--- START ---
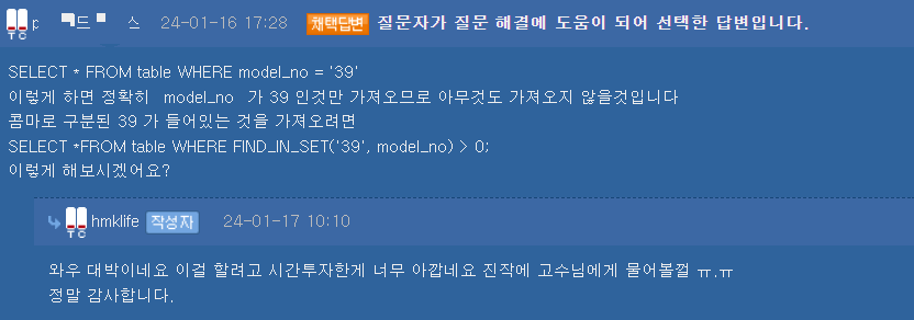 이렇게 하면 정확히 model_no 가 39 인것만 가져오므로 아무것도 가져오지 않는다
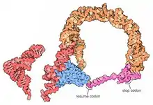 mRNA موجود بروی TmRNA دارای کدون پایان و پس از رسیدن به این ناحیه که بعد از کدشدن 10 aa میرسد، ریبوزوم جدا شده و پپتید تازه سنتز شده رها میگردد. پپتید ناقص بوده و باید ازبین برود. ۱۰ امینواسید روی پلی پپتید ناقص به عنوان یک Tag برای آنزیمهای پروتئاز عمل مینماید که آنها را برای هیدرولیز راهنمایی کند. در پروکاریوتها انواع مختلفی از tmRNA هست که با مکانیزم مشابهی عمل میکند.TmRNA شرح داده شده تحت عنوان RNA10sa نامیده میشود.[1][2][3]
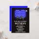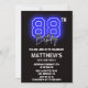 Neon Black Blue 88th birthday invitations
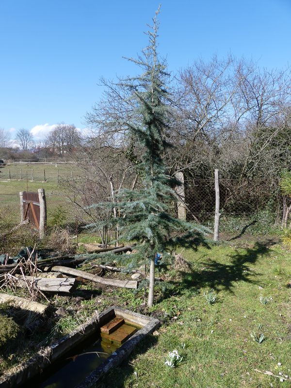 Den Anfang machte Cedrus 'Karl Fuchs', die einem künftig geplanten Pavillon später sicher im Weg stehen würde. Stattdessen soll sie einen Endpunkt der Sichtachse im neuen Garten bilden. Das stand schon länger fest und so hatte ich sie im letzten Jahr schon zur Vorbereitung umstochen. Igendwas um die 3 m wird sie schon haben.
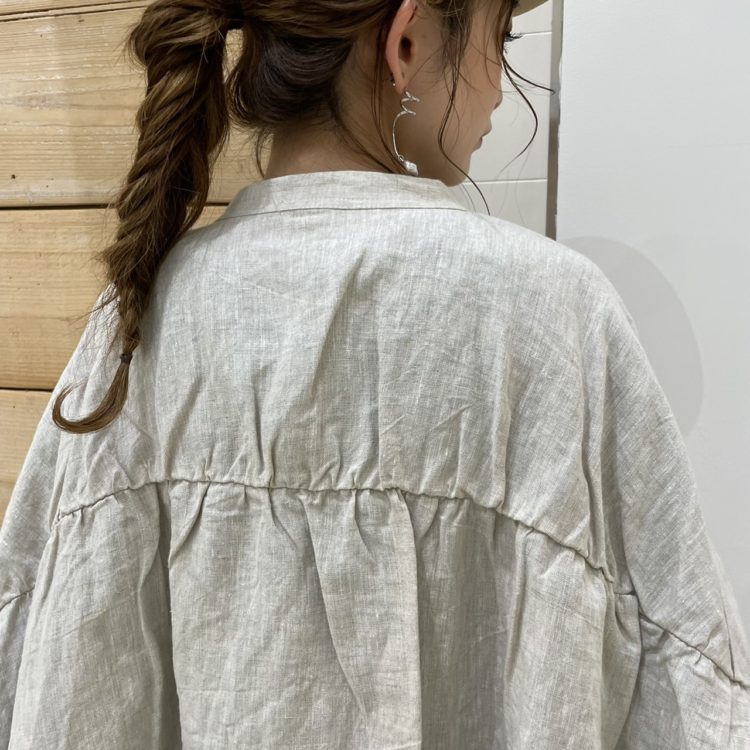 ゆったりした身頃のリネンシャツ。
--- END ---
» **WHAT YOU WILL DO**
This exercise asks for an exact copy of the lines from the first one in the data through the line that contains "mRNA موجود بروی", pictures excluded.

» **COMPLETED EXERCISE**
 이렇게 하면 정확히 model_no 가 39 인것만 가져오므로 아무것도 가져오지 않는다
 mRNA موجود بروی TmRNA دارای کدون پایان و پس از رسیدن به این ناحیه که بعد از کدشدن 10 aa میرسد، ریبوزوم جدا شده و پپتید تازه سنتز شده رها میگردد. پپتید ناقص بوده و باید ازبین برود. ۱۰ امینواسید روی پلی پپتید ناقص به عنوان یک Tag برای آنزیمهای پروتئاز عمل مینماید که آنها را برای هیدرولیز راهنمایی کند. در پروکاریوتها انواع مختلفی از tmRNA هست که با مکانیزم مشابهی عمل میکند.TmRNA شرح داده شده تحت عنوان RNA10sa نامیده میشود.[1][2][3]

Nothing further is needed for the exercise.